= Cho-Den-O series =

Kamen Rider Den-O's Super Climax Form premiered in the first of the "Cho-Den-O" movies.

The "Cho-Den-O" series (「超・電王」シリーズ, "Chō-Den'ō" Shirīzu) is a Japanese multimedia franchise featuring the cast and characters of the popular Kamen Rider Series Kamen Rider Den-O and its films.

==History==
Kamen Rider Den-O was the seventeenth installment of the Kamen Rider series and the eighth during the Heisei period run of the series, a joint production between Toei Company, TV Asahi, and the late Shotaro Ishinomori's production company Ishimori Productions. Its first film, Kamen Rider Den-O: I'm Born! opened in Japanese theaters on August 4, 2007. In its opening weekend, the movie came in 4th place and was the highest selling Japanese production of the week.

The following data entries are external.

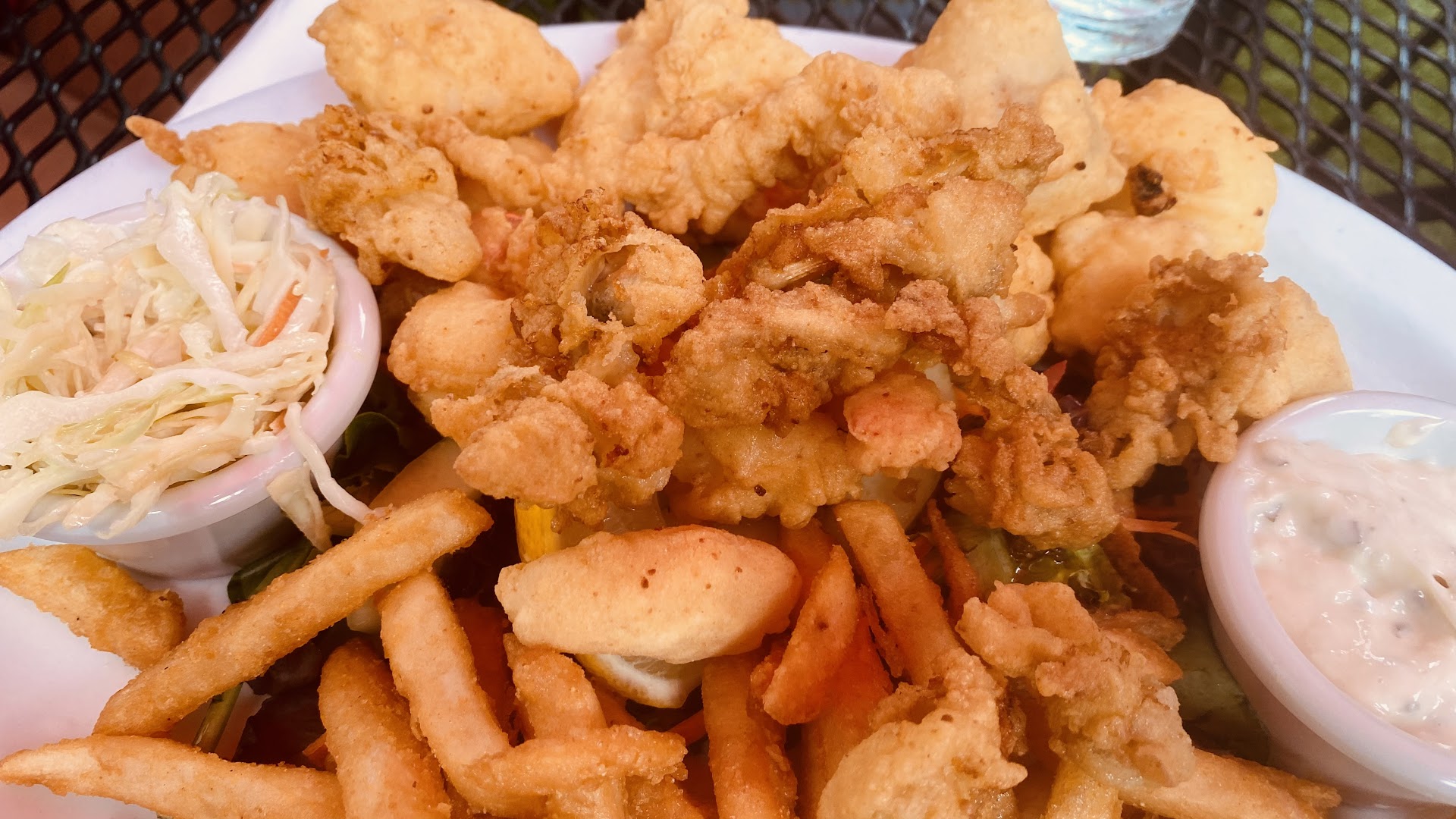 Fisherman's Platter with fries & cole slaw over a small amount of mixed greens salad. A fair portion of lightly battered and fried shrimp, scallops, haddock nuggets and clams. The batter was so light so it wasn't a heavy fried meal. Cole slaw was fresh but a little tasteless. Fries were crispy. I had read the reviews of people disliking the hot seafood over the cold salad so quickly at the salad first.
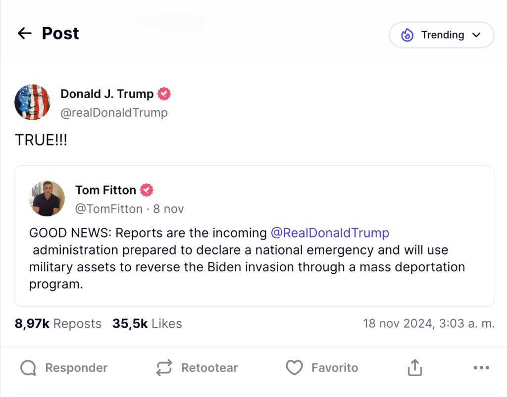 A través de la red social Truth Social, propiedad de Trump; Tom Fitton, activista conservador, divulgó que el próximo presidente está listo para realizar esta estrategia al inicio de su mandato en 2025.
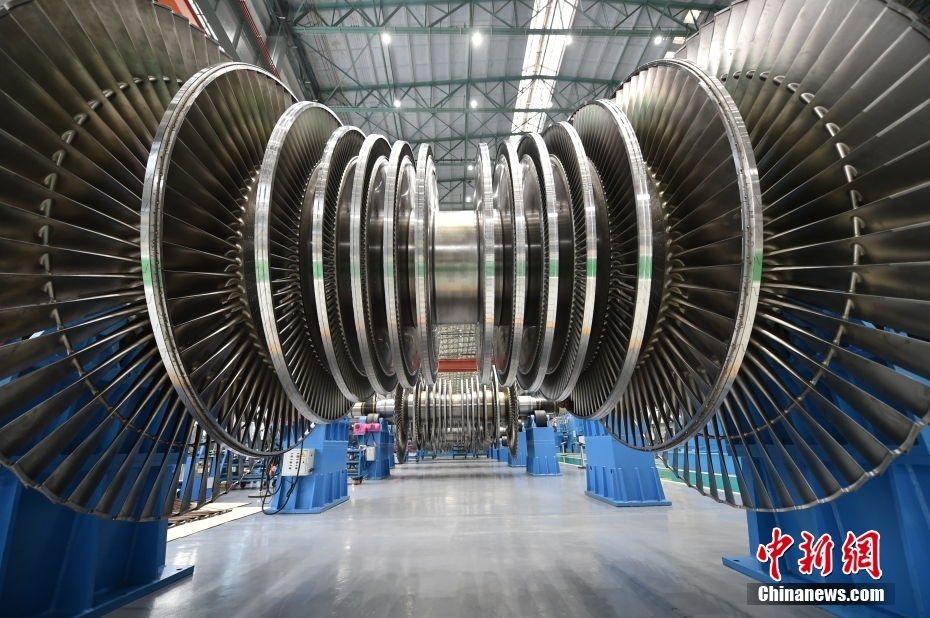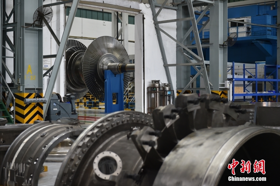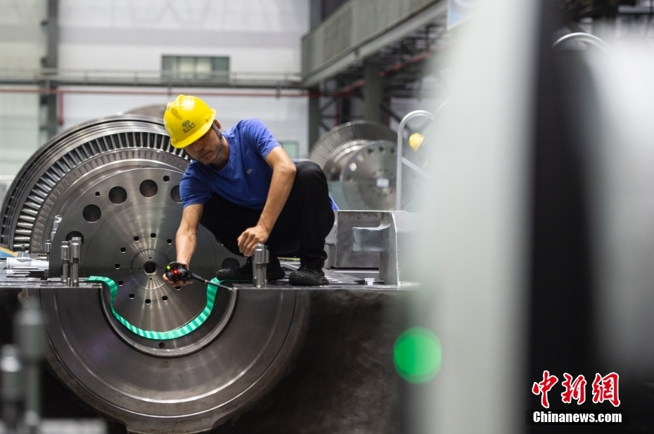 圖為車間里的一線員工在裝配汽輪機(jī)轉(zhuǎn)子。

Later in 2007, Toei had announced that they were in production for a V-Cinema release for Den-O coupled with Kamen Rider Kiva, but this was later changed to be a direct, albeit limited, theatrical release entitled Kamen Rider Den-O & Kiva: Climax Deka. In its opening weekend, April 12, 2008, Climax Deka took the top spot at the Japanese box offices, unseating the Japanese release of Cloverfield. In the end, it grossed 730 million yen, over double the normal revenue for a Kamen Rider film.

Later in 2008, another press release from Toei announced that there was to be a third film for Den-O entitled, Saraba Kamen Rider Den-O: Final Countdown. Having a third film was the first for any of the Heisei Kamen Rider television series, a fact that Takeru Satoh, who had played the lead role of Ryotaro Nogami in the television series, attributes to Den-O's comedic timing. Eventually this was originally considered to be the last appearance of Den O. However because of its rising popularity, Toei Company announced on January 29, 2009, that there would be a fourth film for Den-O, and that it was in production as of January 29, 2009. The film was scheduled to be released in April 2009. On February 9, 2009, Toei revealed that this film was to be the first in the Cho-Den-O series. and that the film would feature the cast and characters of I'm Born!, Final Countdown, Kiva, and Kamen Rider Decade.

==The Onigashima Warship==

The first film in the Cho-Den-O series is titled Cho Kamen Rider Den-O & Decade Neo Generations the Movie: The Onigashima Warship (劇場版 超・仮面ライダー電王&ディケイド NEOジェネレーションズ 鬼ヶ島の戦艦, Gekijōban Chō Kamen Raidā Den'ō Ando Dikeido Neo Jenerēshonzu Onigashima no Senkan) released on May 1, 2009. The film features the return of the Tarōs, Deneb, and Sieg, along with New Den-O from Final Countdown, Jiro, Ramon, and Riki of Kiva, and Tsukasa and Natsumi of Decade. The film also introduces Akina Minami portraying a bushi woman named Toki (トキ). The movie also marks the debut of Kamen Rider Cho-Den-O (仮面ライダー超電王, Kamen Raidā Chō Den'ō), also called Super Climax Form (超クライマックスフォーム, Chō Kuraimakkusu Fōmu), which appears as a variation of Den-O's Climax Form incorporating Wing Form's mask as wings.

==Cho-Den-O Trilogy==

Kamen Rider × Kamen Rider × Kamen Rider The Movie: Cho-Den-O Trilogy (仮面ライダー×仮面ライダー×仮面ライダー THE MOVIE 超・電王トリロジー, Kamen Raidā × Kamen Raidā × Kamen Raidā Za Mūbī Chō Den'ō Torirojī) is the name given to a series of three films released in a four-week period between May 22 and June 19, 2010. The films, Episode Red, Blue, and Yellow, each focus on a different Kamen Rider in the extended Cho-Den-O storyline: Zeronos, New Den-O, and Diend of Decade. The trilogy was originally posted as a rumor on Futaba Channel as a single film titled Shu Kamen Rider Den-O The Movie Last Stop: The Climax is Eternal (劇場版 終仮面ライダー電王 終着点 クライマックスよ永遠に, Gekijōban Shū Kamen Raidā Den'ō Shūchakuten Kuraimakkusu yo Eien ni), however the April issue of Televi-kun confirmed the Cho-Den-O Trilogy title.